The Brusilov Offensive, 4 June – 20 September 1916:

General Alexei Brusilov was a brilliant general, commander of the Russian forces in the south-west of the Eastern Front. He formulated tactics that combined rapid movement with concentrated support fire allowing soldiers to advance quickly while avoiding heavily defended positions.

In the east, where there were fewer troops per mile of front than in the west, and their abilities were more variable, a war of movement was still possible. The Germans could always break through the Russian line if they wanted to and the Russians could punch a hole in the Austro-Hungarian front. On 4 June, Brusilov did just that.

Under pressure from Austro-Hungarian forces on the Italian Front, Italy asked for assistance from its allies, and in addition to the French and British offensives on the Western Front, the Russians advanced across a 300-mile-wide front, quickly pushing back Austrian and German divisions. Brusilov was rewarded with a progressive collapse of the Austro-Hungarian armies in his sector, producing one of the most spectacular victories of the war.

Czech and Slovene units had always performed erratically on the Russian front; now they simply threw away their weapons and ran. The Russians took a quarter of a million of them prisoner in the course of an advance that carried on across the eastern half of Galicia. He captured 350,000 men in total during the offensive, and relieved the pressure in the west and in Italy. Brusilov’s drive then petered out, but before doing so it had had important political consequences. Romania was induced by the advance into Galicia to throw in its lot with the entente powers. Like the Italians, the Romanians hoped to gain territory from Austria-Hungary, but also like the Italians, they proved so incompetent militarily that they proved to be as much a burden as a boon to their new allies.

The Germans moved troops from Verdun to bolster their allies and then fought back to regain lost territory.
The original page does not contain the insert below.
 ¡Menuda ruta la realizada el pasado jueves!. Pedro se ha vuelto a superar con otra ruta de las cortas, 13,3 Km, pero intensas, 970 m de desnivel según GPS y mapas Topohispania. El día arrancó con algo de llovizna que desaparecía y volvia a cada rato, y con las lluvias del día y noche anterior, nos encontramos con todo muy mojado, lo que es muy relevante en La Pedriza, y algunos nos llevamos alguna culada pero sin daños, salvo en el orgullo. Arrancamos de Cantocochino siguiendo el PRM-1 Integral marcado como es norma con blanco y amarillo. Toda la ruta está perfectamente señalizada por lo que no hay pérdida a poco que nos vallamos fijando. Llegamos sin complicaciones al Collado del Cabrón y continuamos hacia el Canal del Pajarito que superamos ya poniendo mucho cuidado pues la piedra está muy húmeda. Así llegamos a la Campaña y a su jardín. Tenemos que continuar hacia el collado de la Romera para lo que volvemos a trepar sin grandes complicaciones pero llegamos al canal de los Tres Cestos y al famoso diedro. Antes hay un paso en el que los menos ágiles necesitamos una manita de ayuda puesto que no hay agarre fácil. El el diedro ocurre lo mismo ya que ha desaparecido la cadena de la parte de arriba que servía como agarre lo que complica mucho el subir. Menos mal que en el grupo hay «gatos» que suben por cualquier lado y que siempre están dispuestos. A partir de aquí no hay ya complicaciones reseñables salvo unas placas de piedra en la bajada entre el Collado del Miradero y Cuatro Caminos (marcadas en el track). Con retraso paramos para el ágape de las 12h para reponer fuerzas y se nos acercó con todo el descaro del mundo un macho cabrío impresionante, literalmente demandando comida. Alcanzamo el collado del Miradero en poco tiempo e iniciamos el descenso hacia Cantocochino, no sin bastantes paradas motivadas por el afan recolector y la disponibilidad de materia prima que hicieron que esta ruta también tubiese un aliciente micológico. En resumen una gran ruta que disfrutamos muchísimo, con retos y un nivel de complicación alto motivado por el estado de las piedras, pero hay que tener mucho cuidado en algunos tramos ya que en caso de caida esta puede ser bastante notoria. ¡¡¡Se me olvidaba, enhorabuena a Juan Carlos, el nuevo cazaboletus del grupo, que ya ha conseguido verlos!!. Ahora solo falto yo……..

The failure at Verdun weakened Falkenhayn’s position as commander of the Triple Alliance forces, and after the Brusilov offensive he was forced to resign. The Austro-Hungarian armies were thereafter unable to launch their own offensives. Ludendorff became the new chief commander, with Hindenburg as his number two. Ludendorff quickly restored the Central Powers’ position in the east, stiffening the Austro-Hungarian units with German officers and NCOs. He then sent enough reinforcements to Hungary and Bulgaria to spearhead a counter-offensive against Romania. They had optimistically invaded Hungary, but a German-Bulgarian army entering the Dobruja took them in the rear, and a German-Austrian army threw them back over the Carpathians. Given Romania’s geography, it was easy to arrange for converging attacks to cut off the southern two-thirds of the country. Caught between ‘two fires’ the Romanians had to abandon their capital, Bucharest, and the greater part of their country. The Romanian army hid behind the Russian relief force in Moldavia, while the Germans methodically drained the conquered part of Romania of its invaluable supplies of cattle, wheat and oil.

001

Welcome as this new source of supply was, however, it wasn’t enough. The British blockade naval blockade of the Central Powers was beginning to hurt by mid-1916, particularly when the German navy failed to break out at the Battle of Jutland just before the Brusilov Offensive began. The queues for food in Germany were getting longer and their behaviour less orderly. There had been serious riots in the major industrial centres in the Spring. The situation was even worse in Austria-Hungary.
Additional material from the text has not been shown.